Material provided →
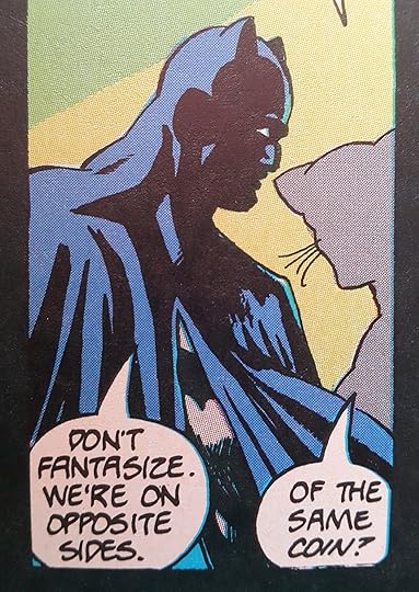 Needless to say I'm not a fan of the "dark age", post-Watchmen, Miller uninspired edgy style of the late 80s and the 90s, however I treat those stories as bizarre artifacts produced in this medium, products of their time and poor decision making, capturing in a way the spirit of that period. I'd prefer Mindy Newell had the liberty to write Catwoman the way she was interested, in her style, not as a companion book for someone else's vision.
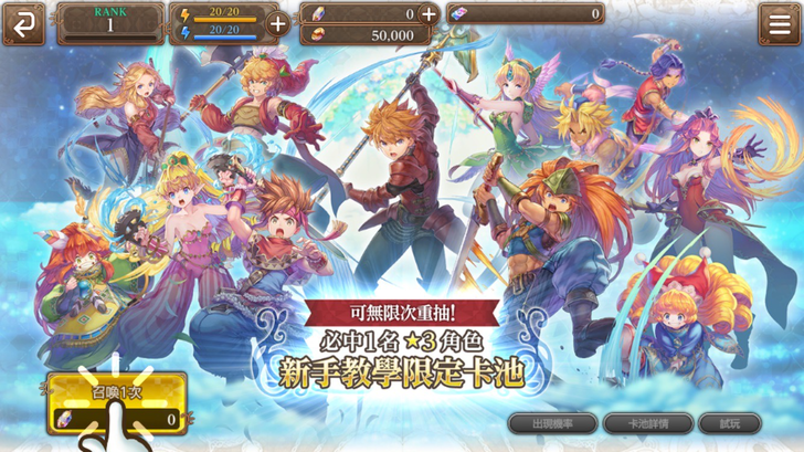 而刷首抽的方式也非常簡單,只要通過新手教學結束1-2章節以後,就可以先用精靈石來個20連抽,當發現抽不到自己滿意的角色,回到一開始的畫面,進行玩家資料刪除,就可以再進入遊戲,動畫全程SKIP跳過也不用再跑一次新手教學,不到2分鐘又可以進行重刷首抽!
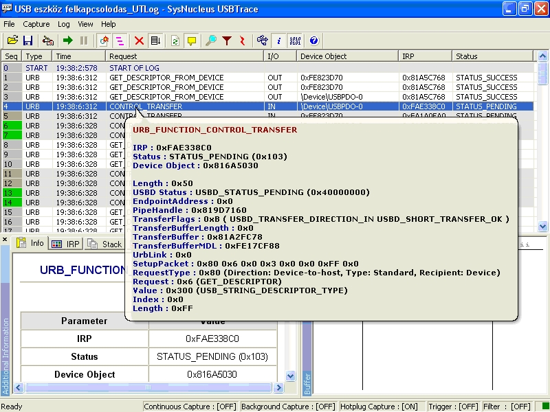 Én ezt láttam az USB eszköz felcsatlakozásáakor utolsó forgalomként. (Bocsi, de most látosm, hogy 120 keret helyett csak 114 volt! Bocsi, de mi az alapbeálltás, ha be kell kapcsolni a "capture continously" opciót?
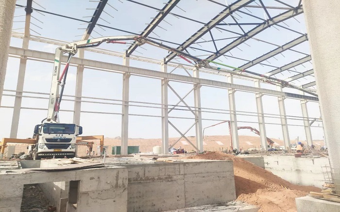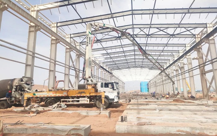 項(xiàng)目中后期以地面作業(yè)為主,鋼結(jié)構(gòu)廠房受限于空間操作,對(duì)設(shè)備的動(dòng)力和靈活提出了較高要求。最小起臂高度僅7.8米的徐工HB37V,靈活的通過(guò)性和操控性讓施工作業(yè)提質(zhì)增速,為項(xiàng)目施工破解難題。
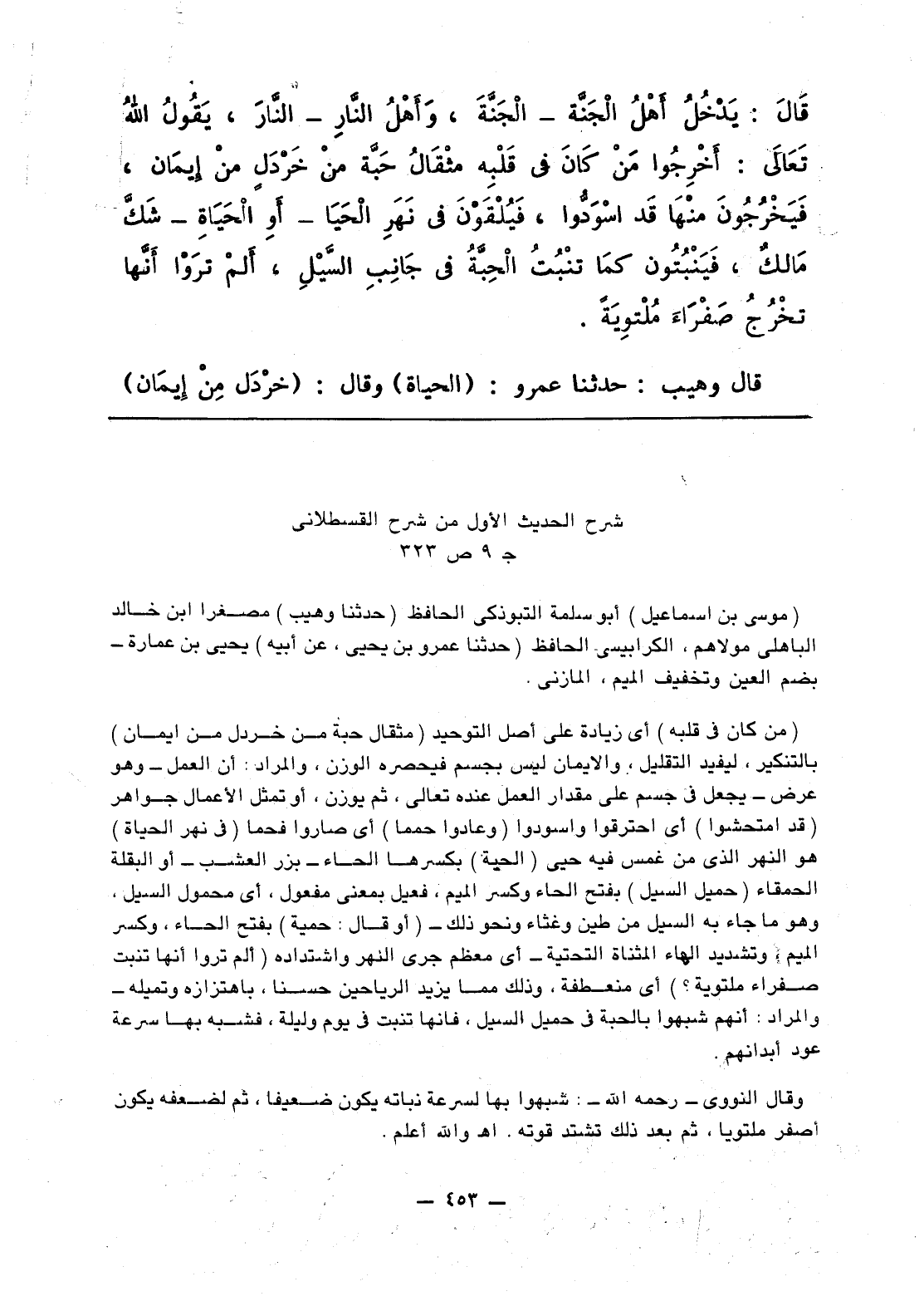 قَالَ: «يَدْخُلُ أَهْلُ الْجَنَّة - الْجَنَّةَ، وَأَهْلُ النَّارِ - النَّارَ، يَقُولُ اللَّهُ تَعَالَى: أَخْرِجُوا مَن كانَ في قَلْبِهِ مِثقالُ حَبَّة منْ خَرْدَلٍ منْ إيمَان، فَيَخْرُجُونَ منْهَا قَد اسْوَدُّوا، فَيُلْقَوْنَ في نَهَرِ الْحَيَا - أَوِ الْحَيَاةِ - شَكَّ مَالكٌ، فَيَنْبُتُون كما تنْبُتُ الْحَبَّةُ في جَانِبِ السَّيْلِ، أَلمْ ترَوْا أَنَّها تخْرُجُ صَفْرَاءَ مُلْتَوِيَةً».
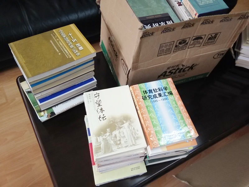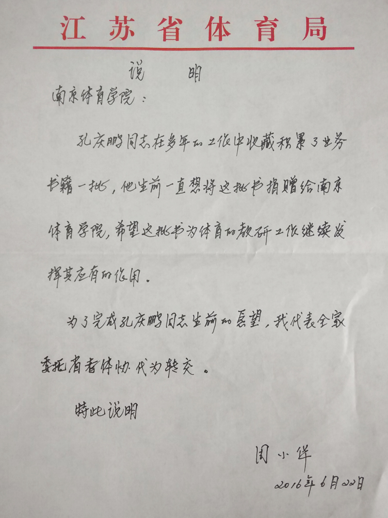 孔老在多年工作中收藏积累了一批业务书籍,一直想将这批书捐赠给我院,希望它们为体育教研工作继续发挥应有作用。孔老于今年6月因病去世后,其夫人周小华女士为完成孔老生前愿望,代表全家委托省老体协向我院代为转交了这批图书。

About this exercise →
Each line of the records is to be reproduced exactly, and each picture dropped.

Answer space →
 Needless to say I'm not a fan of the "dark age", post-Watchmen, Miller uninspired edgy style of the late 80s and the 90s, however I treat those stories as bizarre artifacts produced in this medium, products of their time and poor decision making, capturing in a way the spirit of that period. I'd prefer Mindy Newell had the liberty to write Catwoman the way she was interested, in her style, not as a companion book for someone else's vision.
 而刷首抽的方式也非常簡單,只要通過新手教學結束1-2章節以後,就可以先用精靈石來個20連抽,當發現抽不到自己滿意的角色,回到一開始的畫面,進行玩家資料刪除,就可以再進入遊戲,動畫全程SKIP跳過也不用再跑一次新手教學,不到2分鐘又可以進行重刷首抽!
 Én ezt láttam az USB eszköz felcsatlakozásáakor utolsó forgalomként. (Bocsi, de most látosm, hogy 120 keret helyett csak 114 volt! Bocsi, de mi az alapbeálltás, ha be kell kapcsolni a "capture continously" opciót?
 項(xiàng)目中后期以地面作業(yè)為主,鋼結(jié)構(gòu)廠房受限于空間操作,對(duì)設(shè)備的動(dòng)力和靈活提出了較高要求。最小起臂高度僅7.8米的徐工HB37V,靈活的通過(guò)性和操控性讓施工作業(yè)提質(zhì)增速,為項(xiàng)目施工破解難題。
 قَالَ: «يَدْخُلُ أَهْلُ الْجَنَّة - الْجَنَّةَ، وَأَهْلُ النَّارِ - النَّارَ، يَقُولُ اللَّهُ تَعَالَى: أَخْرِجُوا مَن كانَ في قَلْبِهِ مِثقالُ حَبَّة منْ خَرْدَلٍ منْ إيمَان، فَيَخْرُجُونَ منْهَا قَد اسْوَدُّوا، فَيُلْقَوْنَ في نَهَرِ الْحَيَا - أَوِ الْحَيَاةِ - شَكَّ مَالكٌ، فَيَنْبُتُون كما تنْبُتُ الْحَبَّةُ في جَانِبِ السَّيْلِ، أَلمْ ترَوْا أَنَّها تخْرُجُ صَفْرَاءَ مُلْتَوِيَةً».
 孔老在多年工作中收藏积累了一批业务书籍,一直想将这批书捐赠给我院,希望它们为体育教研工作继续发挥应有作用。孔老于今年6月因病去世后,其夫人周小华女士为完成孔老生前愿望,代表全家委托省老体协向我院代为转交了这批图书。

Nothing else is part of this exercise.